Dewastacji roweru miejskiego cargo można było uniknąć. Jak się okazuje, tydzień temu jego porzucenie zgłaszał firmie Nextbike nasz czytelnik. Niestety, reakcji nie było, a po kilku dniach z roweru została tylko rama.
Wczoraj opisaliśmy sytuację, jaka wydarzyła się na ul. Piastowskiej. W pobliżu wieżowca Altus do barierki stał przypięty rower miejski cargo. A właściwie sama rama, bo wszystkie koła zostały ukradzione. Po tym jak po południu wysłaliśmy zdjęcie pozostałości roweru rzecznikowi firmy Nextbike, która jest operatorem miejskiego systemu, w ciągu 20 minut rower został zabrany. Okazuje się, że nasz czytelnik zgłaszał jego porzucenie już w czwartek 6 września. – Dzieci zwróciły mi uwagę na ten rower już w środę. Bardzo lubią w nim jeździć. Sprawdziłem w czwartek i rzeczywiście do barierki był przypięty rower cargo. Wtedy nie miał tylko jednego pedała. W piątek zadzwoniłem ponownie i jeszcze raz we wtorek. Wtedy usłyszałem, że roweru już nie ma i że to nie serwis Nextbike go usunął – opowiada pan Marcin. Ta ostatnia informacja jest o tyle istotna, że jeśli użytkownik systemu zgłosi porzucenie roweru, w nagrodę dostaje 5 zł doładowania do swojego konta. Niby niewiele, ale chodzi o zasadę. – Mieli szansę, żeby ten rower zabrać i uniknąć strat. Nie skorzystali – denerwuje się pan Marcin.

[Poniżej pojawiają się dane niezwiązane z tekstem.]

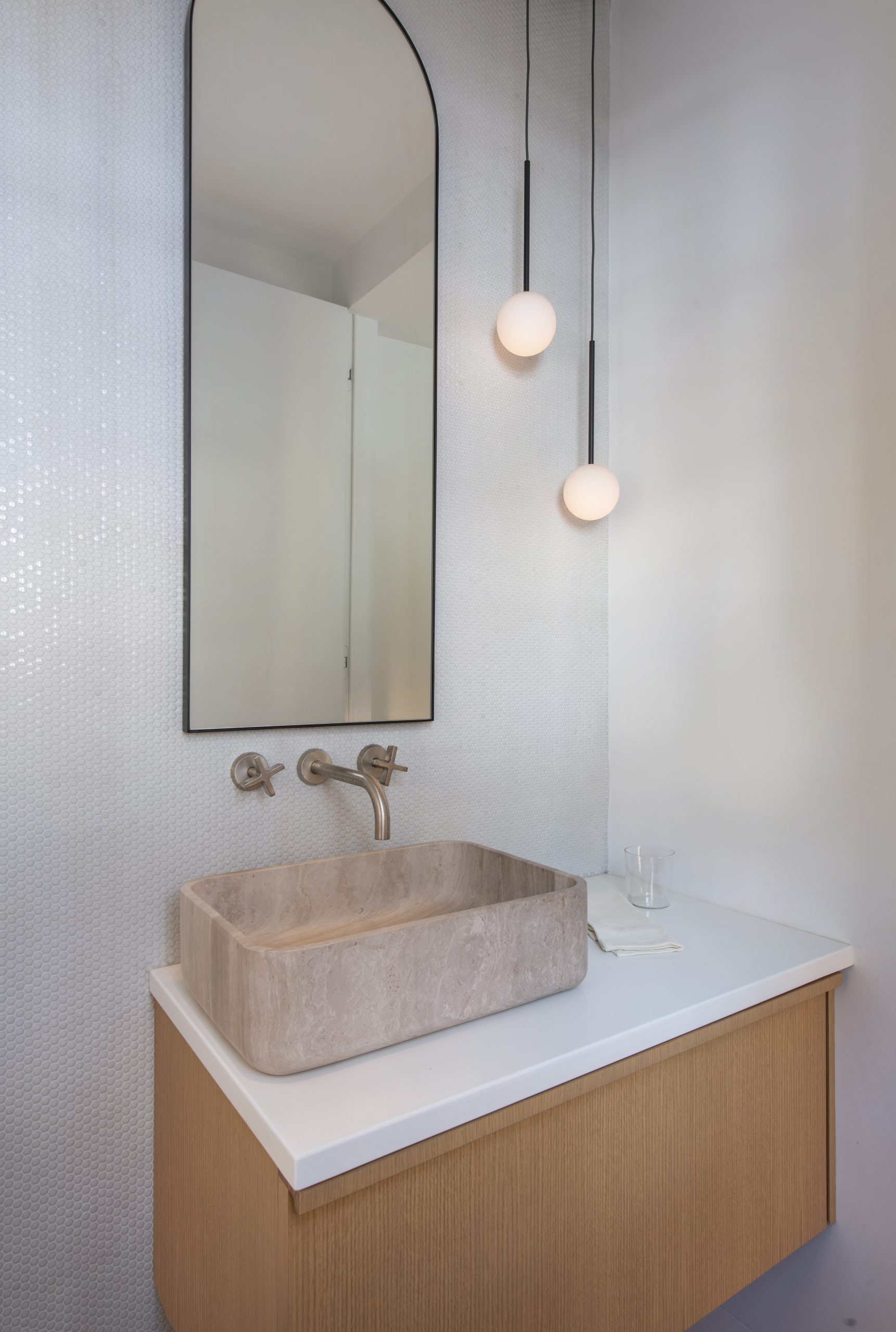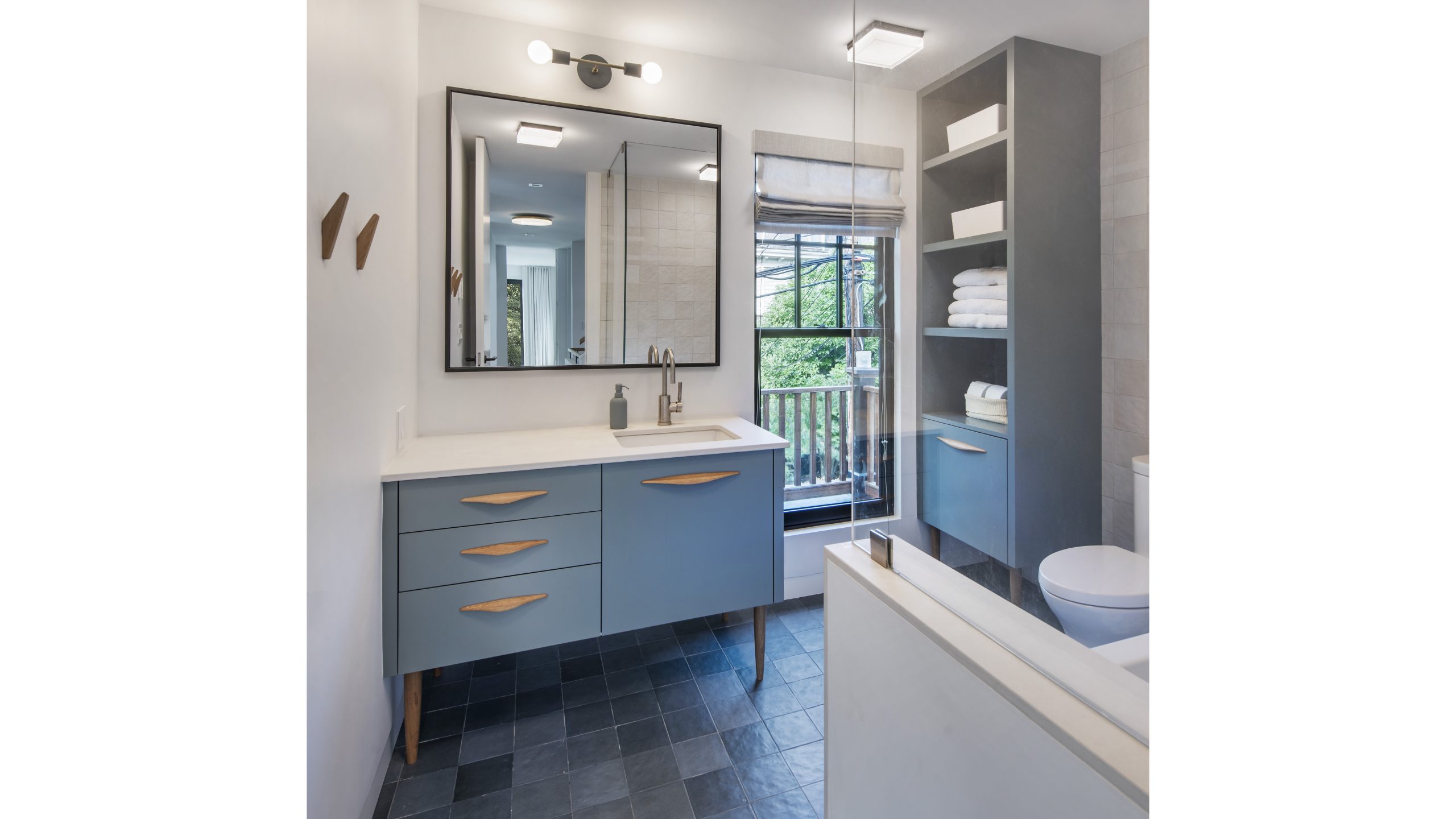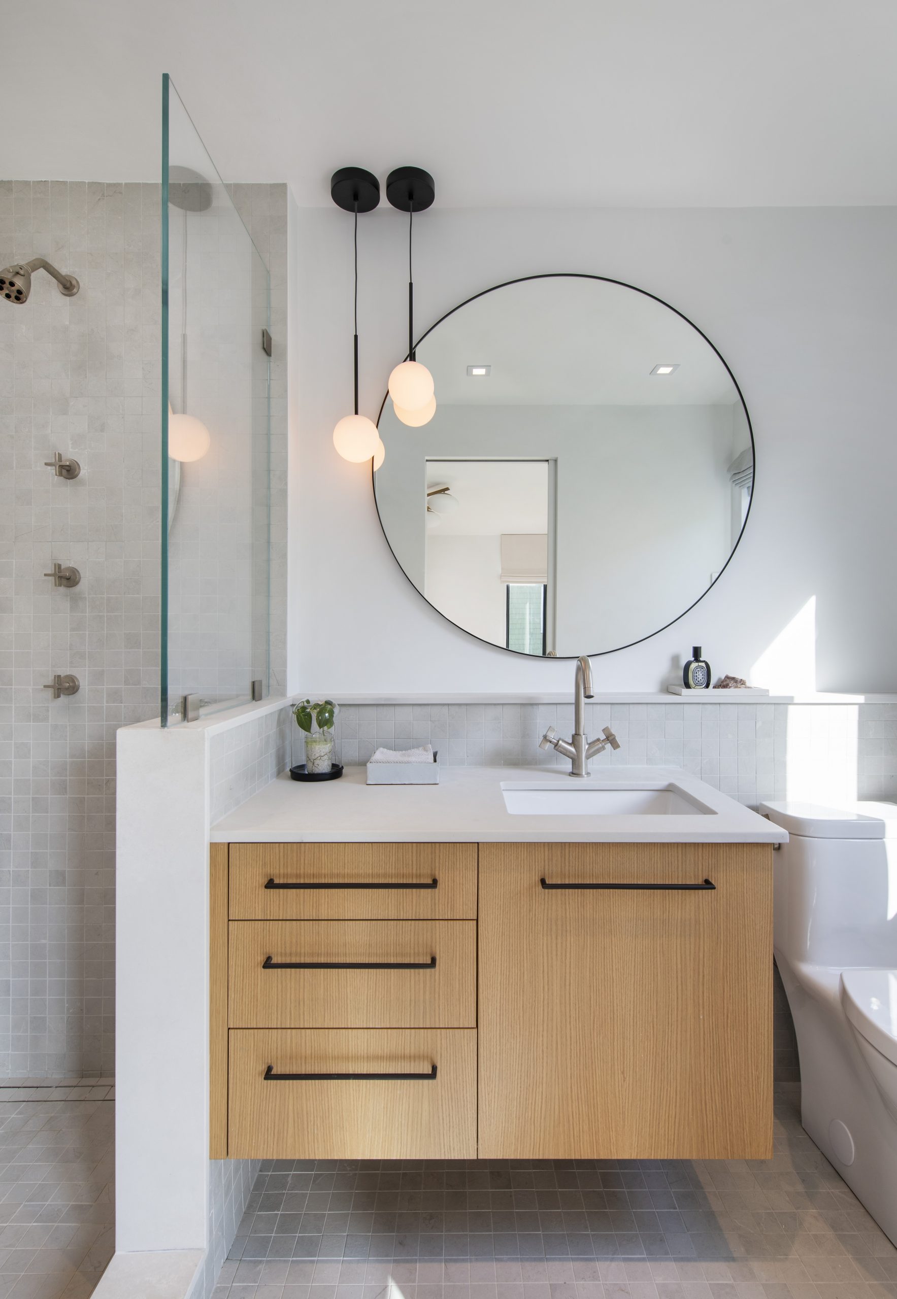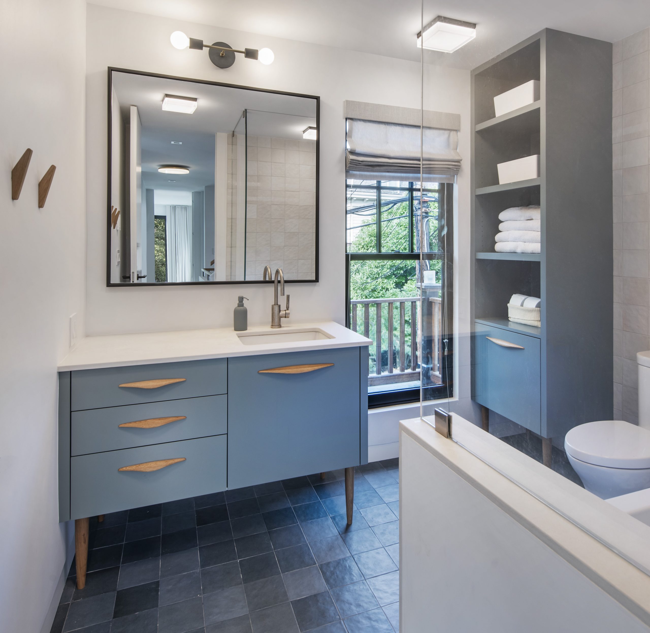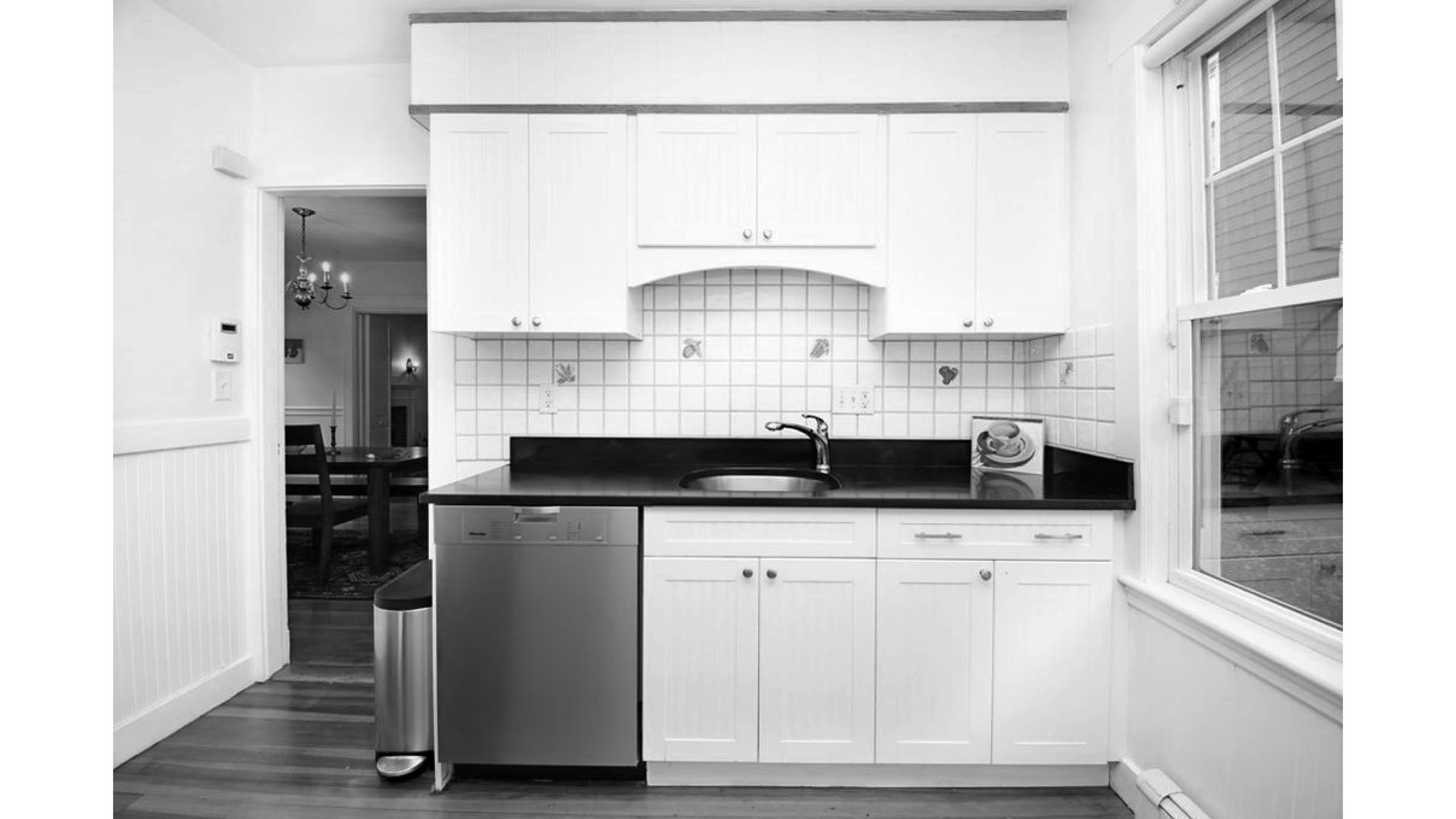 Our clients, a young couple with two young children, purchased a two-family rental in Cambridge and wanted to turn it into a single family home. The aesthetic mandate was to be clean, bright, light and modern. Functionally, the biggest challenge were the winder stairs, which were steep and had a very low head clearance, so the first order of business was to figure out where and how a single stair could be introduced. After many studies, we elected to leave the stair in its current location, but expand a dormer on the top floor to make the stair work. Now, the ribbon stair with custom brackets and railing unify the house, from family living spaces on the ground level to the bedrooms and office/yoga on the top floor. The detailing is crisp and simple; a European door system that provides full heights doors to the ceiling and an integrated base set the tone for the crisp details elsewhere. The biggest changes to the interior are on the ground level, where several small rooms were opened up to create a floor through space with a family/living room, kitchen, and dining areas. At the back, the house extends into the landscape with large double lift and slide doors to the terrace and yard. Inside, details and materials are simple. Oak floors in a herringbone provide some visual complexity, while the cabinets are detailed with no visible pulls. The cabinet design looks deceptively simple, but the detailing doesn’t allow for hinged doors so all storage is in drawers. Rift oak cabinets and a simple palate of gray and white set a calm foundation for family life. On the first floor, massive doors open to the yard beyond, expanding the house both visually and functionally.

Marek Pogorzelski, rzecznik firmy Nextbike Polska potwierdza, że rower był wcześniej zgłoszony do odbioru. – Nasi pracownicy dwukrotnie byli na miejscu, jednak nie znaleźli go. Został odebrany za trzecim razem wczoraj wieczorem, po Państwa zgłoszeniu. Sprawa zniszczenia roweru zostanie zgłoszona na policję.
Jak można było nie znaleźć roweru – dziwi się pan Marcin. – Nie dość, że dokładnie opisałem miejsce, to jeszcze pani, która przyjmowała zgłoszenie, spytała o możliwość kontaktu telefonicznego ze mną, jeśli pracownicy nie będą mogli go namierzyć. Nikt nie zadzwonił.
Sprawa zniszczenia roweru cargo jest o tyle przykra, że takich pojazdów można w Katowicach wypożyczyć tylko 10.